Task description »
Please read the records below and return each line holding the string "para".

--------------------------------

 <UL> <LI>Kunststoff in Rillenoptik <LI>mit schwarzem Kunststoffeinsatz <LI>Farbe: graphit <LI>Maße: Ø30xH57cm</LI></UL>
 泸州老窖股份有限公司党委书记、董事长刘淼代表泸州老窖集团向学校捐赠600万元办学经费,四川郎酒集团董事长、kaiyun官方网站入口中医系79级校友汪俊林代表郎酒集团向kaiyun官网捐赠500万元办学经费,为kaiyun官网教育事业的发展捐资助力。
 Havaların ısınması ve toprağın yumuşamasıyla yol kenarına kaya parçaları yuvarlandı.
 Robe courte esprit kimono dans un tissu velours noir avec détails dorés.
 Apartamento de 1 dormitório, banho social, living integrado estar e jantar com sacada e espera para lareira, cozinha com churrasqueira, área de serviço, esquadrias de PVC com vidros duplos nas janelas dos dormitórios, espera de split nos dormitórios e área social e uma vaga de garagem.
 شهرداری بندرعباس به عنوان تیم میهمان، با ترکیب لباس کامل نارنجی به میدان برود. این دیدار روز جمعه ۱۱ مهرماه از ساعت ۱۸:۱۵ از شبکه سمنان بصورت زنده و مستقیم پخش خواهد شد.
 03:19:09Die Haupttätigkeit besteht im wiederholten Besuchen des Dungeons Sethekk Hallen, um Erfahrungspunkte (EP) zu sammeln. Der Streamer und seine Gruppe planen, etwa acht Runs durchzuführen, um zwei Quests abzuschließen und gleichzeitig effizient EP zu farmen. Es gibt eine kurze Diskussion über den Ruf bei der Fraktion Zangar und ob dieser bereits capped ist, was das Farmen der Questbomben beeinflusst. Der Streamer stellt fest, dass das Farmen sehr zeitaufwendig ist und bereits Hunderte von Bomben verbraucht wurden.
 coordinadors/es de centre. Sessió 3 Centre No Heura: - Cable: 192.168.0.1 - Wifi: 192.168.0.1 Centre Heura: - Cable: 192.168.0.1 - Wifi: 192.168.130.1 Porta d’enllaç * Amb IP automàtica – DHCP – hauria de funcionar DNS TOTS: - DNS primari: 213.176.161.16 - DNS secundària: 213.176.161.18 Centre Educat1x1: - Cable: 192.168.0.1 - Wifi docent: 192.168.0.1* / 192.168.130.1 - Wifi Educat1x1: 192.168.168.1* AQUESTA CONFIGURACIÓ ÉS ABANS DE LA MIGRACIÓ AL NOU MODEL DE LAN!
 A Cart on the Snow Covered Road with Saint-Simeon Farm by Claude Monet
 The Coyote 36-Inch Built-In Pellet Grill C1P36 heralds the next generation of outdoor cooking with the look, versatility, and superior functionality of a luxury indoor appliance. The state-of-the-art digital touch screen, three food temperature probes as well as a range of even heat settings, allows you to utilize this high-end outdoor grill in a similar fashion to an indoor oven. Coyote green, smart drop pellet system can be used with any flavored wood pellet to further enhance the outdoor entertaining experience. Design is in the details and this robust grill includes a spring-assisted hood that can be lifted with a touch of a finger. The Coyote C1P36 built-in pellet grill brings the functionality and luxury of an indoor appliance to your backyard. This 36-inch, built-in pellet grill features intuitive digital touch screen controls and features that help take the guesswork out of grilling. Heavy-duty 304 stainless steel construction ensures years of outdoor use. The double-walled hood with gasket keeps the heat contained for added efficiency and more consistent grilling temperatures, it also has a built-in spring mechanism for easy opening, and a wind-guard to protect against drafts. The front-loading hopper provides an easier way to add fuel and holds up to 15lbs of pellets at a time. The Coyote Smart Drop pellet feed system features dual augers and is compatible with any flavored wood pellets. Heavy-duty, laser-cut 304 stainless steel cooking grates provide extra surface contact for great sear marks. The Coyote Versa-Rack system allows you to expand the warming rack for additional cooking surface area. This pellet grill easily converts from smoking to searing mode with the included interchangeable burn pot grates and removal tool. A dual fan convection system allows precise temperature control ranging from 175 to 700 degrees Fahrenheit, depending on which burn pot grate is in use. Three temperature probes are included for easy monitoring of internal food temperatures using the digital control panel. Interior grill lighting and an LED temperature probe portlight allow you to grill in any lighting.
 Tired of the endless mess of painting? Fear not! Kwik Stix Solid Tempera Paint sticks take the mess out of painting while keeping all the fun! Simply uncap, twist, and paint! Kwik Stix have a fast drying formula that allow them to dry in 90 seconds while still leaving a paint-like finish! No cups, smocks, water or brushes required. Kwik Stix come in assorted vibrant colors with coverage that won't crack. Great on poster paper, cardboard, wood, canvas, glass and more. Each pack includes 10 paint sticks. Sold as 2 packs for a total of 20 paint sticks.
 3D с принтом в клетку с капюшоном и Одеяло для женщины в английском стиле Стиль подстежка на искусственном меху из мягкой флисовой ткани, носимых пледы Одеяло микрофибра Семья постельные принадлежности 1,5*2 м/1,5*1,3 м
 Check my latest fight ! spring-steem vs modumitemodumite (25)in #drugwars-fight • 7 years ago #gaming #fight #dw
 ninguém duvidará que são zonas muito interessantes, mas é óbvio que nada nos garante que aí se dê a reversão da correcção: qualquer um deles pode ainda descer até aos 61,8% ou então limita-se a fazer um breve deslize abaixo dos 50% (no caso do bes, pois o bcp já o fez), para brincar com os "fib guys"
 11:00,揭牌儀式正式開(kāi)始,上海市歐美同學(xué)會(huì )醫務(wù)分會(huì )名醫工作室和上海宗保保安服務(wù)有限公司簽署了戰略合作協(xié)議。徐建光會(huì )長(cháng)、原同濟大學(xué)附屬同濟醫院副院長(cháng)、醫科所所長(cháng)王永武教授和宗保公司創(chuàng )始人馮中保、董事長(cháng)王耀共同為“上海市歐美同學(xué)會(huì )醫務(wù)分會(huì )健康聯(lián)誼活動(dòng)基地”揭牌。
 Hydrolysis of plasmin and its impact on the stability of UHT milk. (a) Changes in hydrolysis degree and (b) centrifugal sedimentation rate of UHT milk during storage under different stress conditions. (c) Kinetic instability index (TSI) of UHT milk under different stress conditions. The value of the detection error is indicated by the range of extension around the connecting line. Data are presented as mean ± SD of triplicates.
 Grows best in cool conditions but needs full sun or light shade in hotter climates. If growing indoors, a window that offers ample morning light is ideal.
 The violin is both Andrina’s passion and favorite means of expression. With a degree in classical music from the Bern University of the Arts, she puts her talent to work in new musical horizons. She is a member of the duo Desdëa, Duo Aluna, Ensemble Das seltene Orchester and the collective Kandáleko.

--------------------------------

Completed task »
 Apartamento de 1 dormitório, banho social, living integrado estar e jantar com sacada e espera para lareira, cozinha com churrasqueira, área de serviço, esquadrias de PVC com vidros duplos nas janelas dos dormitórios, espera de split nos dormitórios e área social e uma vaga de garagem.
 ninguém duvidará que são zonas muito interessantes, mas é óbvio que nada nos garante que aí se dê a reversão da correcção: qualquer um deles pode ainda descer até aos 61,8% ou então limita-se a fazer um breve deslize abaixo dos 50% (no caso do bes, pois o bcp já o fez), para brincar com os "fib guys"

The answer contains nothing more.